The Beauties of Sleep

You know how you feel when you're short on sleep.  Awful.  

Shakespeare had it right.  Sleep not only "knits up the raveled sleeve of care," it's as necessary to life as food, water, and exercise.

The final ingredient for our minimalist, whole, and healthy lifestyle is one we too often overlook, especially in our modern over-busy, over-stressed lives.  Yet a deficiency in this area is linked to increased risk of heart disease, kidney disease, obesity, high blood pressure, diabetes, and stroke.  Lack of sleep makes us depressed, short-tempered, and less emotionally resilient.

Sleep is not the enemy of productivity.  It's not what you do when there's nothing good on TV.  It's essential.

Why "I'll sleep when I'm dead" is so destructive

1.  Without proper sleep, all your positive fooddrink, and exercise choices are useless.  

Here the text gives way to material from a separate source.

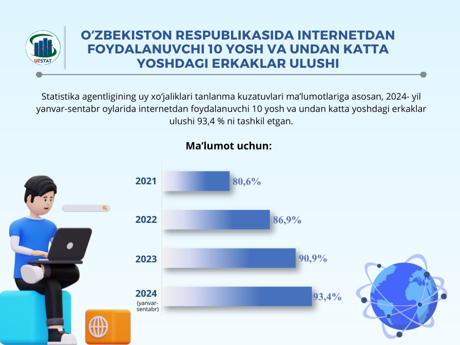 Statistika agentligining uy xo‘jaliklari tanlanma kuzatuvlari ma’lumotlariga asosan, 2024- yil yanvar-sentabr oylarida internetdan foydalanuvchi 10 yosh va undan katta yoshdagi erkaklar ulushi 93,4 % ni tashkil etgan.
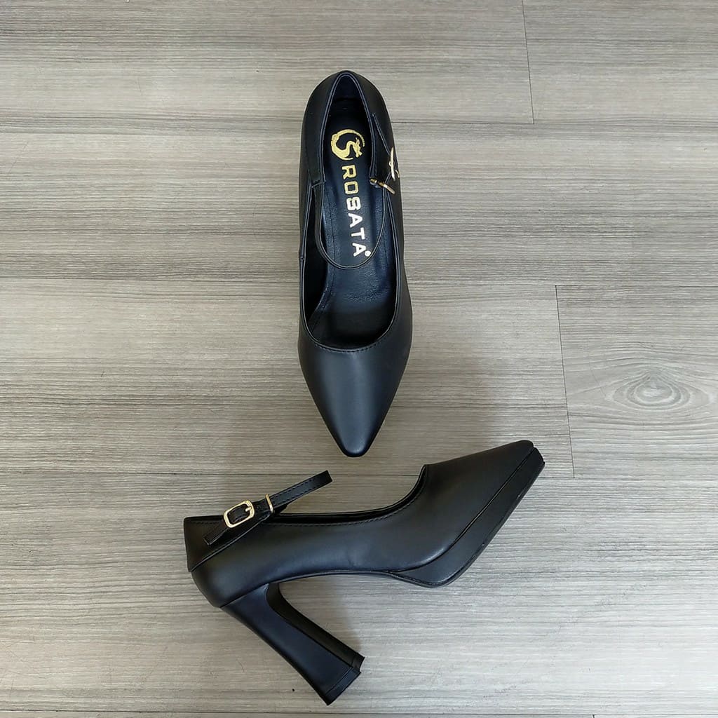 Giày cao gót nữ đẹp đế vuông 8 phân hàng hiệu rosata màu đen ro322

Lack of sleep interferes with the production of leptin, a hormone which controls appetite.  With increased appetite, it's easier for you to reach for comfort, convenience, and fast foods.

2.  Inadequate sleep impairs formation of long-term memories.  

While your body rests, the brain processes and consolidates information from the day so it can be recalled later.  Without adequate sleep, your ability to learn and retain new information will be impaired.  That's why kids need bedtimes too!  Lack of sleep could affect them for a lifetime.

3.  Good mental health depends on sufficient sleep.

Most of us have experienced irritability and exaggerated emotional reactions caused by lack of sleep.  But did you know that prolonged sleep loss can affect emotional development in teens, and has been linked to clinical depression and bipolar disorder?

6 steps to better sleep

Sleep comes naturally to babies and small children, but it seems we forget how to do it as we age.  In the U.S., the majority of teen and tweens are sleep-deprived,* so this is an issue that affects most of us.

* This blog is reader-supported.  When you buy through my links, I may earn a small commission.

1.  Create a bedtime.

Adults need at least six hours of sleep every night, preferably seven or eight.  Getting less than that can lower your metabolism by 15%, meaning you'll gain pounds even without eating any more calories.  Like your mother told you – go to bed!

2.  Ditch devices.

Turn off all devices, including your phone, at least one hour before bedtime, and leave TVs and computers out of the bedroom.  Multiple studies show that LED lights in screens disturb production of the sleep hormone melatonin.  

3.  Make it dark.

Darkness is essential to sleep, as it signals the body that it is time to rest.  Light exposure at the wrong times will interfere with your body's sleep-wake cycles.  If necessary, use blackout shades or a sleep mask.

4.  Don't stew.

Honesty, understanding, and a desire to solve problems lead to quality sleep.

  • Take time in the early evening to talk through problems or areas of conflict with your spouse.  
  • Decide on the top two or three priorities for tomorrow and make a list to get those pressing tasks off your mind.
  • Keep a "worry" or prayer list so you can write about issues that trouble you.  Try to leave those concerns on the page as you get ready for sleep. 
  • Pray or meditate.

5.  Go natural.

Use a bit of lavender essential oil in a reed diffuser in your bedroom or as a pillow spray.  Lavender improves sleep by lowering blood pressure and heart rate and calming anxiety.

6.  Ease into sleep.

Transition to a great night's sleep with one or more of these activities:

  • take a warm bath or shower
  • write in a gratitude journal
  • do some yoga or stretching
  • read a printed book (all devices off!)
  • listen to relaxing music
  • cuddle with a loved one or pet

Sleep repairs your body, improves your memory, and makes every day better.  Good night!